Solve Large Scale Matrix Least Squares with Frobenius Regularization Problem efficiently

convex optimizationleast squaresoptimization

How to solve the following minimization problem: $$\min_{S>0}{F(\mathbf{S}) }= \frac{1}{2}\Vert \mathbf{M} – \mathbf{K_2SK_1^T}\Vert _F^2+\frac{1}{20}\Vert\mathbf{S}\Vert_F^2$$
where $\mathbf{S}\in R^{256 \times 256}$ with nonegative elements, $\mathbf{M}\in R^{n \times m}$, $\mathbf{K_2} \in R^{n \times 256}$, $\mathbf{K_1} \in R^{m \times 256}$. In most cases $3500\lt m \lt 18000$, $8 \lt n \lt 128$.

The data of a minimal case can be downloaded here. In this case $m=3788$, $n=16$. The following code help to load the data into workspace:

MATLAB

load('problem.mat')

Python

import scipy.io
data = scipy.io.loadmat('/home/ubuntu/MATLAB/problem.mat')
K1 = data['K1']
K2 = data['K2']
M = data['M']
S_inital_guess = data['S00']

What I've tried

  1. Vectorize the problem using $\mathbf{K}=kron(\mathbf{K_2},\mathbf{K_1})$.
    But $\mathbf{K}$ is too large for ordinary PC. And any optimization strategy using hessian matrix would produce more larger matrice.

  2. Solving the matrix-form problem directly which produce a 4-order Hessian tesnsor.
    Without hession, the algorithm(steepest descent with exact/inexact line search) converges too slowly.

  3. CVXPY – out of memory

    n = 256

    X = cp.Variable((n,n))

    constraints = [X>=0]

    gamma = cp.Parameter(nonneg=True, value=1)

    obj = cp.Minimize(cp.norm(K2 @ X @ K1.transpose() – M,'fro') + gamma*cp.norm(X,'fro')**2)

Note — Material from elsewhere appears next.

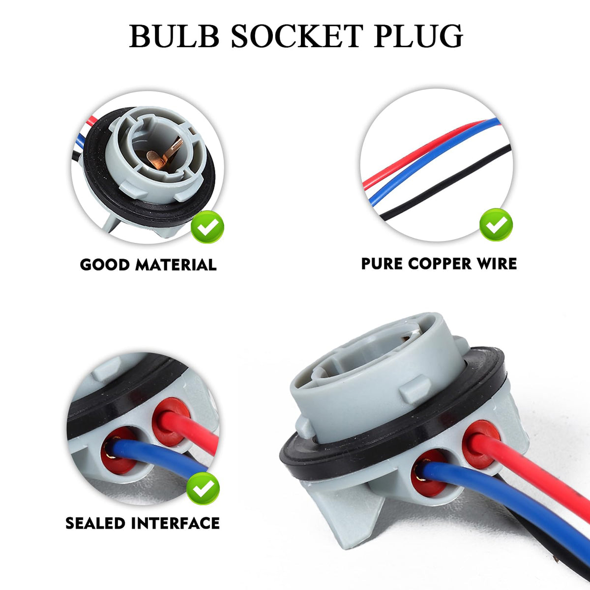 Tobenbone 1157 LED Bulb Socket Holder, Waterproof Turn Signal Tail Light Brake Light Base Plug Connector, Backup Light Pre-Wired

    prob = cp.Problem(obj,constraints)

    prob.solve(verbose=True)

How to solve it?

How to solve this large scale minimization problem efficiently? Could you please give me some code (python or matlab) snippet to solve the attach problem? Are there any out-of-box toolboxes I could use?

For Algorithm Testing

I've added a new mat file containing $K_1$,$K_2$,$M$ and a right answer $Xtrue$ for testing. All matrix are much smaller than the original problem in this file.

Best Answer

Here is a simple Julia script. If you translate it to another language beware of the nested loops. Julia handles these efficiently but they should be vectorized for Matlab or Python.

The first time the script is run it will create tab-separated-values (TSV) files for the $X$ and $W$ matrices. On subsequent runs, the script will read the TSV files, execute $k_{max}$ iterations, update the TSV files, and exit.

Thus you can intermittently refine the solution until you run out of patience.

#!/usr/bin/env  julia

#  Sequential Coordinate-wise algorithm for Non-Negative Least-Squares
#  as described on pages 10-11 of
#     http://users.wfu.edu/plemmons/papers/nonneg.pdf
#
#  Convergence is painfully slow, but unlike most other NNLS
#  algorithms the objective function is reduced at each step.
#
#  The algorithm described in the PDF was modified from its
#  original vector form:  |Ax - b|²
#    to the matrix form:  |LXKᵀ - M|²  +  λ|X|²
#
#  and to include the regularization term.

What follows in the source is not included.